Bagaimana cara mengotomatiskan proses kinit untuk mendapatkan TGT untuk Kerberos?

Saat ini saya sedang menulis modul boneka untuk mengotomatiskan proses bergabung dengan server RHEL ke domain AD, dengan dukungan untuk Kerberos.

Saat ini, saya memiliki masalah dengan secara otomatis mendapatkan dan melakukan cache tiket melalui pemberian Tiket Kerberos kinit. Jika ini dilakukan secara manual, saya akan melakukan ini:

kinit aduser@REALM.COM

Ini meminta kata sandi pengguna AD, karenanya ada masalah dengan mengotomatiskan ini.

Bagaimana saya bisa mengotomatisasi ini?
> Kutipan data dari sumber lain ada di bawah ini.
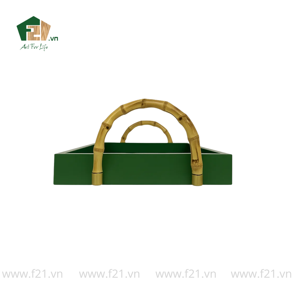 Khay chữ nhật có tay cầm tre sơn mài mang phong cách sang trọng và hiện đại, kết hợp giữa chất liệu gỗ phủ sơn mài bóng mịn và tay cầm tre tự nhiên độc đáo. Thiết kế chắc chắn, tiện dụng, vừa dùng để phục vụ đồ ăn, vừa là món decor tinh tế cho không gian sống.

Saya telah menemukan beberapa tulisan yang disebutkan digunakan kadminuntuk membuat database dengan kata sandi pengguna AD di dalamnya, tetapi saya tidak beruntung.

Bodoh saya, Anda cukup menggunakan perintah berikut:

echo "password" | kinit aduser@REALM

Meskipun Anda bisa memasukkan kode sandi ke dalam otomatisasi Anda, cara Kerberos yang lebih tepat untuk melakukan ini adalah dengan membuat keytab untuk kepala sekolah dan kemudian menggunakannya untuk otentikasi. kinitmendukung otentikasi dari keytab menggunakan -k -t <keytab-path>opsi.

Keuntungan utama keytab adalah bahwa ia mengisolasi kredensial dalam file terpisah dan dapat digunakan langsung oleh berbagai perangkat lunak Kerberos (jadi Anda tidak perlu menambahkan kode untuk membaca kata sandi dari file terpisah). Itu juga dapat dibuat dengan perintah standar (dengan AD KDC, gunakan ktpass). Ada beberapa keuntungan lebih jika Anda memiliki KDC Linux, seperti kunci acak yang disimpan di tab kunci daripada menggunakan kata sandi yang lebih lemah.

Menurut halaman manual yang dapat Anda gunakan:

kinit --password-file="~/my.secret" aduser@REALM.COM

Jadi Anda mungkin memberikan kata sandi Anda melalui file.